The Bulls were ultimately outscored 31-19 in the fourth quarter, dropping their fourth-quarter net rating to a putrid -10.7, which ranks 27th in the NBA, per NBA.com. Their defense has certainly been problematic in the final frame (106.8 DRtg, 18th), which is something Butler has harped on time and time again, and did again last night.
But Butler doesn’t seem to think there’s much of an issue with the team’s offense, and that’s flat out wrong:
Jimmy Butler: “Offense has never been a problem this entire season. It’s always been the other end of the floor."
— Sean Highkin (@highkin) December 6, 2016
Chicago has scored just 96.2 points per 100 possessions in the fourth quarter this season, which is 28th in the league, and the 36.2 percent mark from the field is BY FAR the worst mark in the NBA.
The picture is much, much uglier if we look at the last nine games (since the win in Utah), in which the Bulls are 3-6. In those nine games, Chicago posted a fourth-quarter offensive rating under 83, also by far the worst mark in the league. Not surprisingly, their 34.9 eFG% and 41.4 TS% are also by far the worst in the league over that span.

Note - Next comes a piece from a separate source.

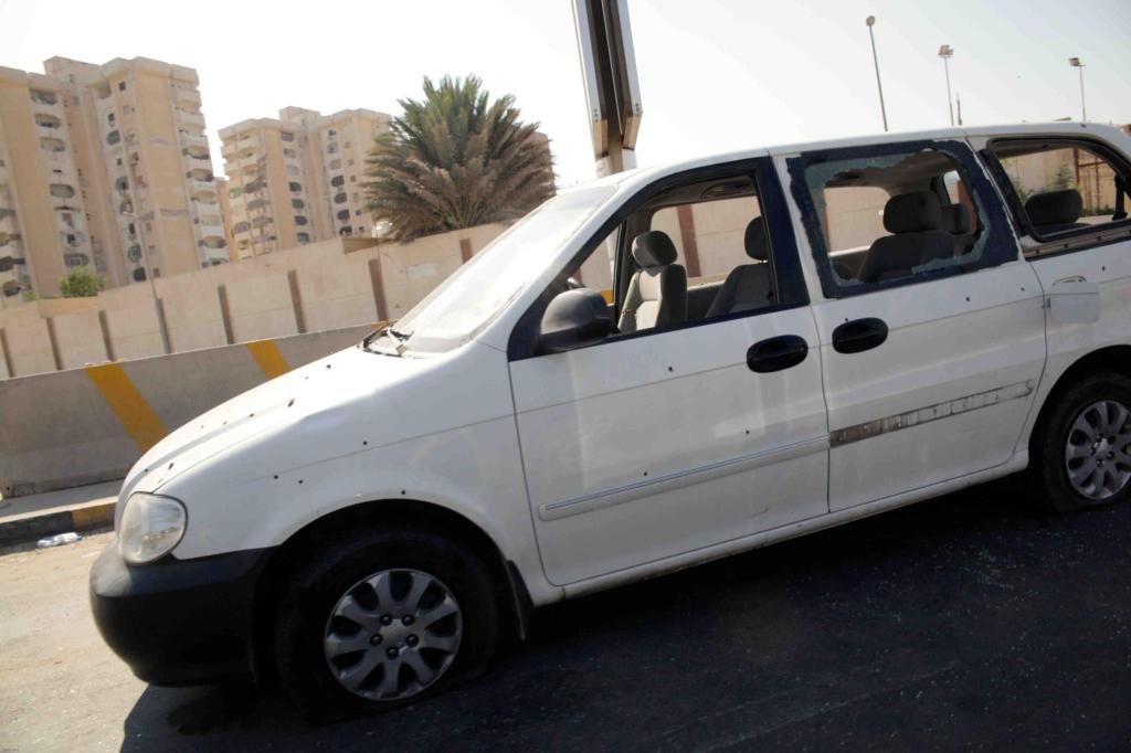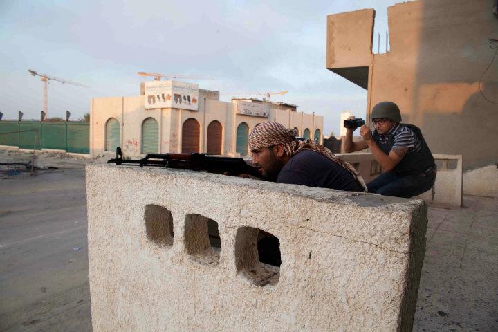 Riprendiamo il percorso. Sulla strada costiera arriviamo vicino alle Tripoli Tower, due alti palazzi uffici. In macchina siamo io, Elio, e altre tre persone. Un suv bianco come il nostro arriva dalla corsia opposta. Ha la bandiera dei ribelli sul cofano. I ragazzi scambiano quattro parole con loro, qualcuno fa una battuta, ridono. Vedo solo la canna del mitra spuntare dal lato del guidatore e sento gli spari e le urla. Ci sparano addosso dalla macchina bianca. Un’imboscata. i proiettili trapassano la carrozzeria, i vetri esplodono. Ci buttiamo fuori dal lato opposto. L’autista ha un proiettile nella gamba, perde sangue. Lo trasciniamo via cercando di muoverci il più velocemente possibile. Vedo una ragazzino su un balcone che mi fa un gesto. “Vai avanti, da quel lato”, dice senza parlare. Non respiro, ho il cuore in testa. Lasciamo il ferito a un gruppo di soldati. Mentre stiamo passando parte un colpo da un’arma, per sbaglio. Puntava l’Ak verso l’alto, il ragazzo accovacciato a terra. Attraversiamo Omar al Mukthar street. E’ un lungo viale e dal fondo, da dei palazzi lontani, sparano i cecchini. Le tecniche, con i loro calibri antiaerea, vomitano fuoco a casaccio verso i bersagli. Sparano tutti.

So why have the Bulls been so bad in the fourth quarter this season, and especially during this recent rough patch? There are a few explanations:
- The Bulls’ lack of three-point shooting is coming back to bite them. While the Bulls are literally at the bottom of the league in all three traditional three-point stats overall, they’re middle of the pack in attempts in the fourth quarter. The problem is they’re making just 26.9 percent of those attempts, worst in the NBA. And in the last nine games? 21.5 percent. The amount of attempts would suggest teams are giving them the shot and that they’re settling at times.
- The Bulls don’t have a lot of good shooters, but being THAT bad from three late in games probably has something to do with tired legs. The rotation has been shortened with Doug McDermott and Michael Carter-Williams out, forcing Jimmy into huge minutes and some other players into bigger minutes than you’d like. Also, the bench stinking up the joint certainly contributes to the fourth-quarter woes when there are heavy bench lineups early in the frame.
- The prior two points likely play a role in Butler’s rather poor fourth-quarter shooting percentage of just over 37. He’s worn down by the end of games because of the heavy burden, and the shrunken floor plus a slowed-down game against defenses keyed on him means more difficult shots. His decision-making has been notably spotty at times in the clutch, and part of that is due to some of the different looks he’s been getting from defenses.
- The Bulls’ massive offensive rebounding advantage has been mitigated in the fourth quarters of late. They’re just 11th in offensive rebound percentage over the last nine, and that’s a huge part of how they’re effective. They also don’t have as much of a free throw advantage in the fourth quarter.
- Rondo has been an absolute dumpster fire. The Bulls have been outscored by 15.8 points per 100 possessions in the fourth quarter with Rondo on the floor (Robin Lopez’s number is somehow worse), and the point guard is shooting just over 27 percent from the field. The Rondo/Wade/Butler trio has been outscored by 14.7 points per 100 possessions in 47 fourth-quarter minutes. That’s still a small sample size, but it downright stinks.
I could keep going and going here with some of these ghastly stats, but I think you get the point. The Bulls are bad in the fourth quarter and should feel bad. Getting healthy should help some of these issues, but this team still has fundamental problems on both sides of the ball that’ll affect them when the game is on the line. They’ll need to figure those out if they want to make any serious noise.